Sherd Alert: GPU-Accelerated Deep Learning Sorts Pottery Fragments as Well as Expert Archeologists

by Brian Caulfield

A pair of researchers at Northern Arizona University used GPU-based deep-learning algorithms to categorize sherds — tiny fragments of ancient pottery — as well as, or better than, four expert archaeologists.

The technique, outlined in a paper published in the June issue of The Journal of Archaeological Science by Leszek Pawlowicz and Christian Downum focused on a specific kind of ancient painted pottery from the American Southwest known as Tusayan White Ware.

This pottery ware, which features geometric black designs painted on white ceramics, was created in what is now northeastern Arizona between A.D. 825 and 1300. In the 1920s, archaeologists figured out how to use the designs to categorize the pottery so they can understand when artisans created each pottery fragment.

Map of SW United States area, showing approximate distribution of Tusayan White Ware. Based on Colton (1955).
Map of the Southwest United States showing the approximate distribution of Tusayan White Ware.

As a result, Tusayan White Ware sherds are a window into the sophisticated, preliterate cultures of the American Southwest. They represent just a sliver of the rich archaeological heritage of the southeastern United States.

“There are tens if not hundreds of thousands of sites that were occupied 1,500 years ago until modern times by the Hopi and the Zuni in Arizona in New Mexico,” explains Pawlowicz, an adjunct faculty member at Northern Arizona University (and a Jeopardy! Tournament of Champions winner in 1992).

The challenges archaeologists studying pottery sherds face parallels those confronted by scientists across a sprawling array of fields — from astronomy to zoology — who are turning to AI to harness larger and larger quantities of data to tackle increasingly ambitious projects.
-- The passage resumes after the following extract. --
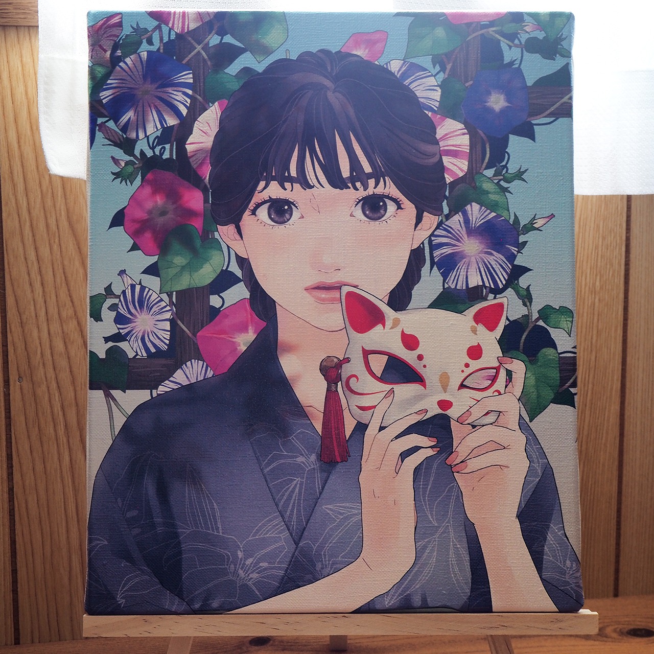 浴衣を着用した女性を、涼しげな色使いで仕上げました。
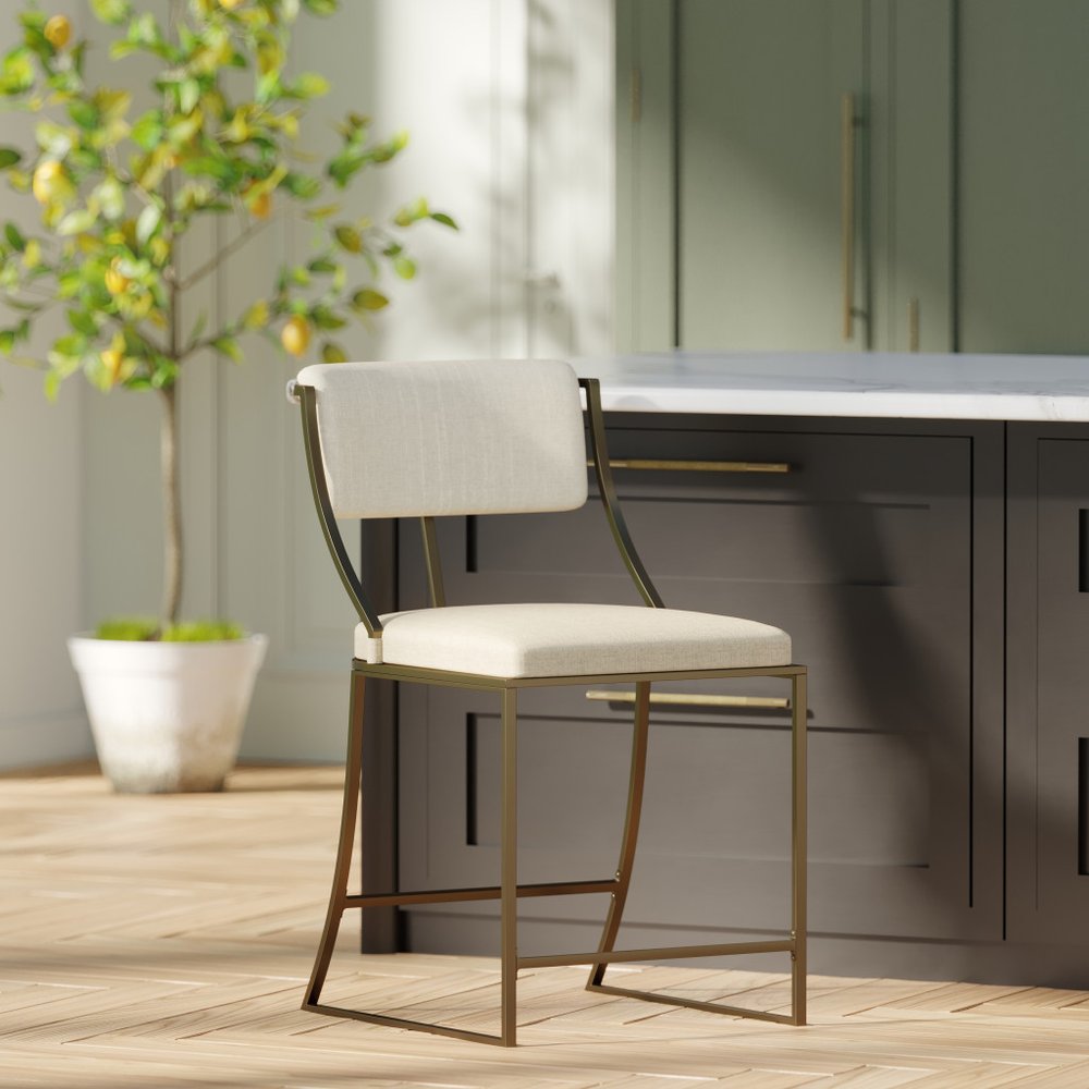 25" Beige And Antiqued Brass Steel Low Back Counter Height Bar Chair

Identifying Long-Dead Artisans

Downum, an anthropology professor at Northern Arizona University, says quickly analyzing sherds from the region — and worldwide — would allow researchers to glean new insights into life hundreds of years ago.

They might even be able to, one day, recognize the work of individual artisans and trace the distribution of pottery across long-dormant trading networks.

The problem is that very few have the training — and the decades of experience needed — to understand what they’re looking at.

For archaeologists, turnover is a concern. For example, there’s only one person still actively working who was trained by the first-generation definers of the design categories, and perhaps a dozen trained by the second generation of experts.

Examples of bowls and jars for Tusayan White Ware types (from Museum of Northern Arizona). No complete Wepo or Wupatki vessels were available.
Examples of bowls and jars for Tusayan White Ware types from Museum of Northern Arizona.

So digitizing hundreds of thousands of images of sherds, along with geographical information, would be a potent tool.

Human-Level Expertise

In their study, Pawlowicz and Downum showed that, when properly trained, a deep learning model can assign types to digital images of decorated sherds with an accuracy comparable to, and sometimes higher than, four expert-level contemporary archaeologists.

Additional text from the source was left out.